In a bold move blending pioneering technology with medical science, Mayo Clinic's Center for Individualized Medicine is forging a new frontier in healthcare with the launch of its population omics strategy. This advanced approach uses large-scale "omics" data to connect genomics, environmental factors and health outcomes. 

The population omics strategy studies a wide range of biological data from large cohorts — including DNA, proteins, metabolites and more — to uncover patterns associated with diseases. However, these patterns are continuously influenced by environmental factors such as diet, pollutants and microbial interactions, which can significantly alter gene expression and affect health outcomes throughout life.

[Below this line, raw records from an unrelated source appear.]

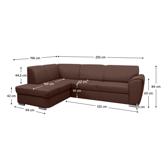 Materiál: látka Malmo 26 Oděruodolnost textilie podle testu Martindale: 30 000 oděrů Barva: hnědá Rozměry (ŠxHxV): 255x196x84 cm Plocha na spaní (ŠxD): 129x195 cm Výška sedu: 41 cm Hloubka sedu: 62 cm Výška zádové opěrky: 44,5 cm Šířka sedáku: 133 cm Rozměry otomanu (ŠxH): 94x169 cm Výška spodního prostoru od podlahy: 5 cm Výška opěrky na ruku: 63 cm Výplň: pružina Falistra/PUR pěna Plastové nožičky Barva nožiček: stříbrná Celočalouněná Rozkládací Rohová Levé provedení Úložný prostor Dodáváno v demontu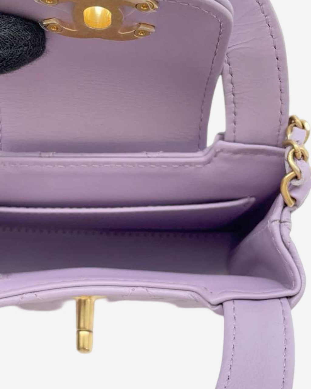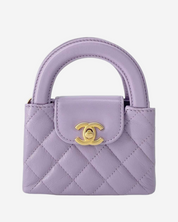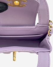 - Descripción: Bolsa de mano mini color morado, broche CC Turnlock frontal, solapa, interior en piel con bolsillo, hardware color dorado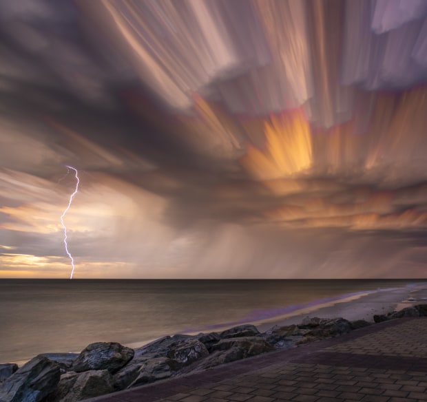 A single bolt of lightning over a beach occurs as the sun's rays bounce off the clouds above. The long exposure shot enables the clouds' movement to appear like the brushwork of an artist opening up a vast canvas of colour.

Omics research drives innovation

To uncover these gene-environment interactions, the population omics strategy dives into new scientific methods that integrate genomics (genes), proteomics (proteins), metabolomics (metabolic processes), transcriptomics (RNA transcripts) and microbiomics (microbes). This research aims to aid multidisciplinary teams in predicting, diagnosing and managing conditions that encompass chronic diseases, aging, inflammatory disorders and cancer.

"Analyzing a diverse set of omics data of thousands of patients can identify novel mechanisms of diseases," says Konstantinos Lazaridis, M.D., the Carlson and Nelson Endowed Executive Director for Mayo Clinic's Center for Individualized Medicine. "Discovering these new paths and eventual targets will allow us to develop innovative interventions to treat diseases." 

Targeting hereditary disease risk 

Mayo Clinic is piloting the broad implementation of genomic data into clinical use. This family medicine initiative, led by John Presutti, D.O., the Cecilia and Dan Carmichael Family Associate Director for the Center for Individualized Medicine in Florida, offers genomic screening for actionable genetic markers associated with breast and ovarian cancer syndrome, Lynch syndrome and familial hypercholesterolemia, where preemptive interventions may be considered.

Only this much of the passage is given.